Жажда понимать, которая для стольких благородных душ заменяет жажду действия, принадлежит к сфере чувствительности. Заменить разумом энергию, разорвать звено цепи между желанием и эмоцией, не интересуясь проявлениями материальной жизни, – вот что, будучи достигнутым, стоит более, чем жизнь, слишком сложная, чтобы ею обладать полностью, и слишком печальная, чтобы обладать частично.
Как говорили древние мореплаватели, плыть – нужно, но жить – не нужно. Мы – мореплаватели с болезненной чувствительностью, давайте же скажем, что чувствовать – нужно, но не нужно жить.
Моя жизнь в каком-то оцепенении. Это не то, что бывает обычно, когда дни проходят за днями, а мы не отвечаем на полученное срочное письмо. Это не то, чего не бывает, когда откладывается на неопределенное время что-то простое и полезное или полезное и одновременно приятное. В моем безрассудстве по отношению к себе больше утонченности. Моя душа парализована. Чувствуется во мне пауза – в желаниях, эмоциях, в мышлении, и эта пауза длится многие дни; только растительная жизнь души – слово, движение, привычка – демонстрирует мои жизненные проявления другим, а через них – мне самому.
В эти сумрачные периоды я не способен думать, чувствовать, желать. Не могу писать ничего, кроме цифр или черточек. Не чувствую: даже смерть кого-то, мною любимого, казалась бы мне, случившейся в иной реальности.
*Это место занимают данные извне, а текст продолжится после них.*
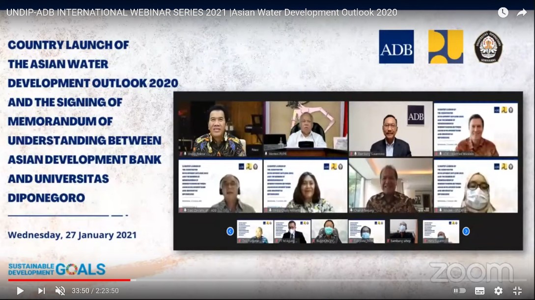 Selasa, 23 Februari 2021 UNDIP-ADB-Kementerian PUPR (Pekerjaan Umum dan Perumahan Rakyat) kembali mengadakan webinar dengan tajuk “Asian Water Development Outlook 2020” untuk meningkatkan pemahaman ketahanan air dalam skenario pembangunan berkelanjutan (AWDO-KolaborasiPUPRdenganADBdanUNDIP.go.id). Kegiatan terdiri dari 2 (dua) sesi, sesi pertama “Application AWDO in Policy Context” berisi penyampaian perkembangan serta capaian AWDO di Thailand dan Karnataka-India, dilanjutkan sesi kedua “AWDO Key Dimension on Urban Water Security” yang membahas secara detail manajemen ketahanan air Australia dengan AWDO dan manajemen ketahanan air di Kota Semarang-Indonesia. Informasi pada keseluruhan webinar disampaikan secara detail merujuk pada pengalaman empiris implementasi AWDO di negara-negara Asia. Penyampaian masalah terkait air yang dihadapi negara di Asia dan upaya penanganan yang telah dilakukan bersama AWDO menunjukkan keberhasilan dan kemajuan manajemen pengelolaan air, inovasi manajemen tata kelola serta kebijakan terus diupayakan sejalan dengan peningkatan masalah perubahan tata guna lahan sebagai tantangan pembangunan setiap negara.
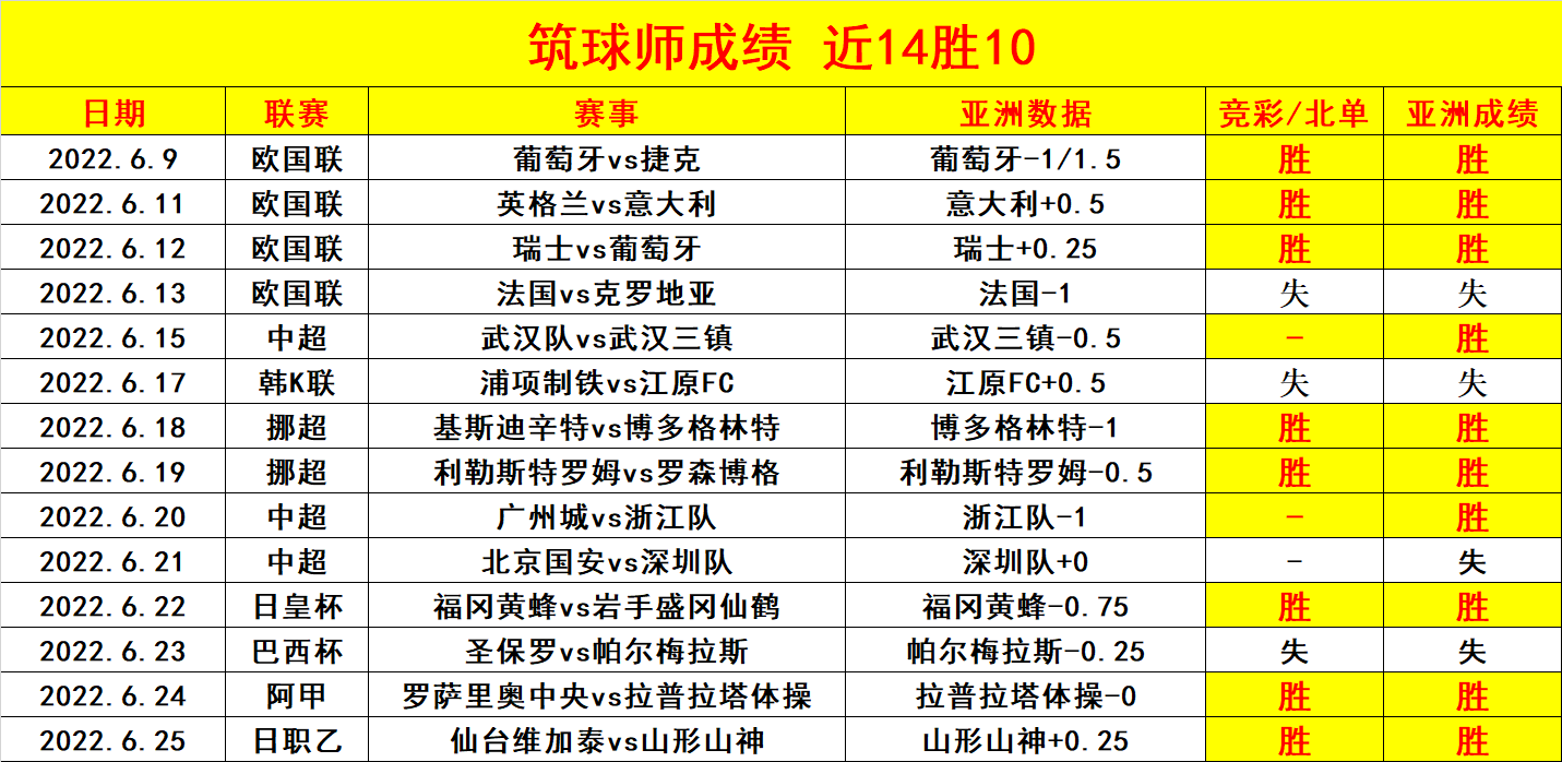 2连胜!昨天上一场与大伙分享了日职乙比赛,仙台维加泰vs山形山神,送出了山形山神+0.25方向,最终以1-1的比分拿下胜利,竞彩、数据双双拿下;整体成绩还算不错的,亚洲成绩近14场比赛,有10场取得胜利。而近期成绩同样取得6胜2失。今天继续为大伙分享一场日职乙的比赛,千叶市原vs东京绿茵,希望能通过筑球师的努力在接下来的日子里能与大家分享更多更好的赛事,有望各位多多支持!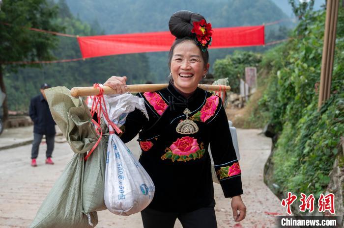 圖為苗族同胞挑禮品過鼓藏節(jié)。唐哲 攝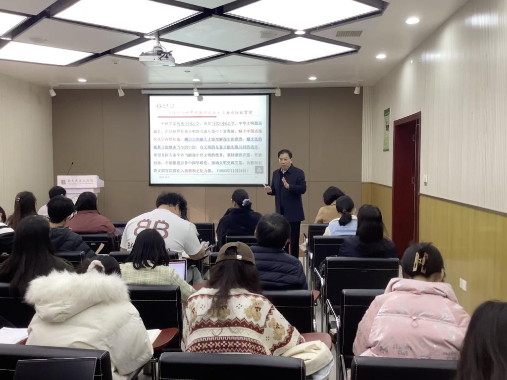12月7日下午,9428cn太阳集团第203期青马论坛于创业楼121报告厅举行,武汉大学9428cn太阳集团博士生导师熊建生教授应邀以“中国式现代化的中华文化根基”为题作学术报告。学院党委书记程华东主持报告会。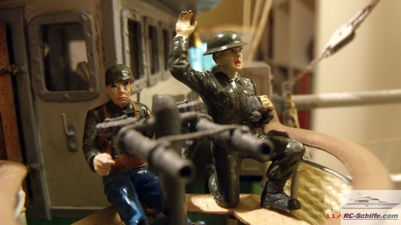 Geräusche: Kesselfeuer/Dampfmaschine-Leerlauf-Ein-Auskuppeln + Drehzahlabhängig div.andere Geräusche zufällig oder geschaltet, + WAW Player vor und rück, Rauchgenerator - Pizo Wasservernebler - 24V mit Gebläse Spannungswandler 12 auf 24V Vorschiff - Geschütz drehbar (Servo) Schuss mit Mündungsfeuer (Leuchtdiode) Beleuchtung: Positions- Lichter, Deck + Innen, Scheinwerfer, Steuerhaustüren auf - zu (Servo) |
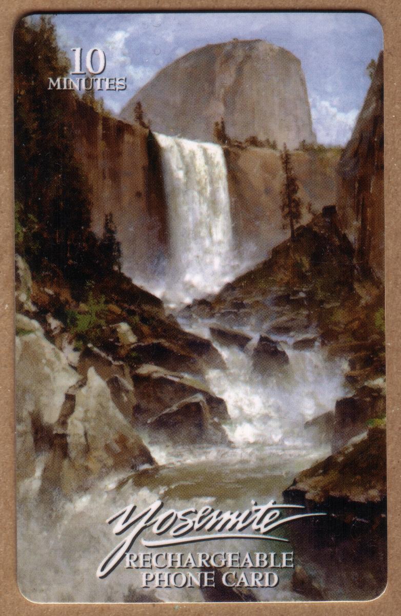 This collectible telecard features a scenic view of Yosemite National Park, showcasing a powerful 10-meter waterfall surrounded by rugged mountains and lush trees. The artwork is created by Thomas Hill, known for his landscape paintings, and captures the natural beauty and grandeur of this iconic park. The scene is vibrant and detailed, emphasizing the sweeping nature of the waterfall and the dense greenery typical of Yosemite’s wilderness.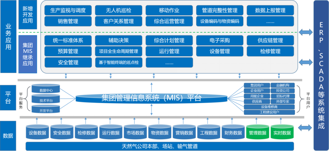 此外,系统还打通了与SAP的系统接口,覆盖组织机构管理、主数据管理、设备管理、预算管理、物资管理、费用管理,打造了江苏天然气MIS+ERP集成应用模式。

Не могу: словно я сплю, и мои движения, мои слова, мои действия заключаются лишь в более прерывистом дыхании, инстинктивном изменении ритма любого организма.
И так проходят дни за днями, даже не могу сказать, сколько дней в моей жизни прошло иначе. Иногда уже в преддверии такой остановки я оказываюсь еще не так обнажен, как предполагаю, и еще есть неощутимые одежды, прикрывающие вечное отсутствие моей истинной души; случается, что мои мысли, чувства, желания бывают проявлениями застоя, перед более сокровенным мышлением, чувством более моим, перед желанием, потерянным где-то в лабиринте, каким я действительно являюсь.
Как бы там ни было, думаю, что это так. И ради бога или богов, если они есть, отказываюсь от того, кто я есть, в соответствии с тем, что приказывает судьба и диктует случай, верный забытому обязательству.
Я не возмущаюсь, потому что возмущение – для сильных; я не смиряюсь, потому что смирение – для благородных; не молчу, потому что молчание – для великих. А я не силен, не благороден, не велик. Я страдаю и мечтаю. Жалуюсь, потому что я слабый и потому что я – художник, развлекаю себя, украшая музыкально мои жалобы, и преображаю мои мечтания в соответствии с моими представлениями о красоте.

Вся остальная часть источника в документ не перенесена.